**Input data**
============
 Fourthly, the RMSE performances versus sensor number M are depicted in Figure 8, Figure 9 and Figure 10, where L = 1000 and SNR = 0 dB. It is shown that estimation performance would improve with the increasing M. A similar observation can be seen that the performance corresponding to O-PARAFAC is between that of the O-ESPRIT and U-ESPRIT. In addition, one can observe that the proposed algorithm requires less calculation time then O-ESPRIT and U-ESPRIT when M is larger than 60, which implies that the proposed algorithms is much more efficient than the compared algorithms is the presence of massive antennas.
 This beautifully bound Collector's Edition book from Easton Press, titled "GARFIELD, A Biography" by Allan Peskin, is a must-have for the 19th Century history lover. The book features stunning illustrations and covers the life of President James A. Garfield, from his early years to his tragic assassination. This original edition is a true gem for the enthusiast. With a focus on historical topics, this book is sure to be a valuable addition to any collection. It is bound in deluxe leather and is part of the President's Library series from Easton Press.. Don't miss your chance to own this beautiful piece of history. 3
============
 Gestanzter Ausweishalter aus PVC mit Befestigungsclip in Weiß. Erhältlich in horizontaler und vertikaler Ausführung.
============
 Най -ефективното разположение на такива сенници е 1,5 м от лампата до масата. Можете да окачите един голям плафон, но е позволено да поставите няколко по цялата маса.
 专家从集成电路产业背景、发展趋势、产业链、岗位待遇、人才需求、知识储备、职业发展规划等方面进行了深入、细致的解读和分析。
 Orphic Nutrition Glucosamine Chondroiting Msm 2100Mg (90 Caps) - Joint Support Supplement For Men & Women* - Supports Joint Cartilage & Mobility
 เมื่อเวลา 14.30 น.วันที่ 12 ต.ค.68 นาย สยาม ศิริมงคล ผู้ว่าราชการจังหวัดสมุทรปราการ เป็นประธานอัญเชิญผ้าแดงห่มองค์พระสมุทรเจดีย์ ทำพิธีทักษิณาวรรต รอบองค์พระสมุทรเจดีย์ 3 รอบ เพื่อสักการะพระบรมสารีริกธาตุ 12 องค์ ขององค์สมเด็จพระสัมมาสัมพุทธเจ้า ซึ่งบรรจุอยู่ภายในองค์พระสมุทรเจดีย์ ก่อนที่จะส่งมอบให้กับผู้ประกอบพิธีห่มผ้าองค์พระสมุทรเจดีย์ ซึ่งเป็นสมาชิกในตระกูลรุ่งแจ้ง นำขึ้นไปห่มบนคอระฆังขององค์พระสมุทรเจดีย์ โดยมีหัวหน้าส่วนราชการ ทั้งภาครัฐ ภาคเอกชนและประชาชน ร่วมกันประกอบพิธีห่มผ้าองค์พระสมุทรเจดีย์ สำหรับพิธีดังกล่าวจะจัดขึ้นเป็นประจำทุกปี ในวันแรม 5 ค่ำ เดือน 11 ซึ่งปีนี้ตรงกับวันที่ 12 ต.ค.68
============
**What needs to be done**
Would you retype exactly the lines above, from the line with "Fourthly, the RMSE" to the line with "This beautifully bound", with both end lines kept and nothing more?

**Exercise solution**
 Fourthly, the RMSE performances versus sensor number M are depicted in Figure 8, Figure 9 and Figure 10, where L = 1000 and SNR = 0 dB. It is shown that estimation performance would improve with the increasing M. A similar observation can be seen that the performance corresponding to O-PARAFAC is between that of the O-ESPRIT and U-ESPRIT. In addition, one can observe that the proposed algorithm requires less calculation time then O-ESPRIT and U-ESPRIT when M is larger than 60, which implies that the proposed algorithms is much more efficient than the compared algorithms is the presence of massive antennas.
 This beautifully bound Collector's Edition book from Easton Press, titled "GARFIELD, A Biography" by Allan Peskin, is a must-have for the 19th Century history lover. The book features stunning illustrations and covers the life of President James A. Garfield, from his early years to his tragic assassination. This original edition is a true gem for the enthusiast. With a focus on historical topics, this book is sure to be a valuable addition to any collection. It is bound in deluxe leather and is part of the President's Library series from Easton Press.. Don't miss your chance to own this beautiful piece of history. 3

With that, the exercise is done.